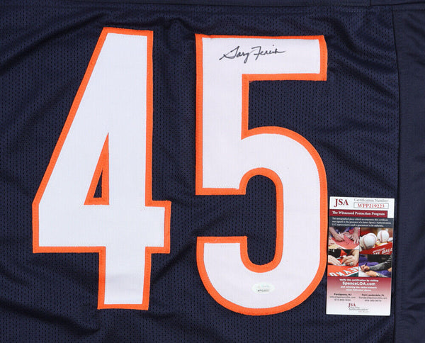 Custom on-field style jersey. Everything is sewn on, size XL. Hand-signed in black felt-tip pen by Gary Fencik. The lot / autograph(s) includes an official James Spence Authentication (JSA) hologram and matching COA for authenticity purposes. The signing of this item was witnessed by JSA.Authentication: JSA COA
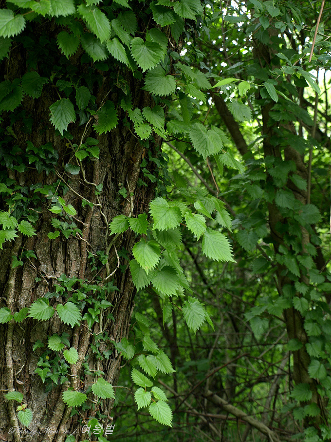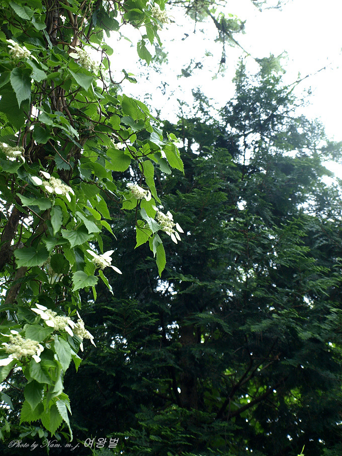 원시의 숲 나무 등걸을 타고 오르는 바위수국은 하얀 신부 부케 꽃다발로 여름의 한라산을 즐겁게 하고 있다.
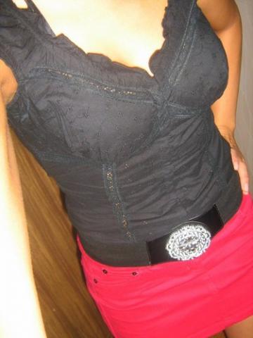 Ryškios raudonos spalvos, visiškai naujas, tik matuotas, trumpytis, viso ilgis 30cm :) per susegima 40cm*2, per klubus 45cm*2 :)tempiasi, dydis S, bet manau laisvai ir M tiktų :)
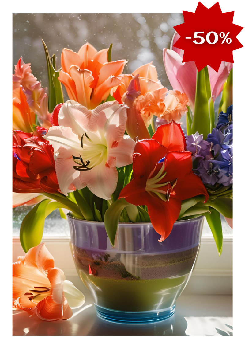Наші цибулинки виведені шляхом багатьох селекцій, завдяки цьому ці квіти чудово квітнуть взимку, та гарно переносять різні перепади температур!

PROBLEM REQUIREMENTS - Could you give the material above again, exactly and without its pictures?

SOLUTION -
 Custom on-field style jersey. Everything is sewn on, size XL. Hand-signed in black felt-tip pen by Gary Fencik. The lot / autograph(s) includes an official James Spence Authentication (JSA) hologram and matching COA for authenticity purposes. The signing of this item was witnessed by JSA.Authentication: JSA COA
 원시의 숲 나무 등걸을 타고 오르는 바위수국은 하얀 신부 부케 꽃다발로 여름의 한라산을 즐겁게 하고 있다.
 Ryškios raudonos spalvos, visiškai naujas, tik matuotas, trumpytis, viso ilgis 30cm :) per susegima 40cm*2, per klubus 45cm*2 :)tempiasi, dydis S, bet manau laisvai ir M tiktų :)
Наші цибулинки виведені шляхом багатьох селекцій, завдяки цьому ці квіти чудово квітнуть взимку, та гарно переносять різні перепади температур!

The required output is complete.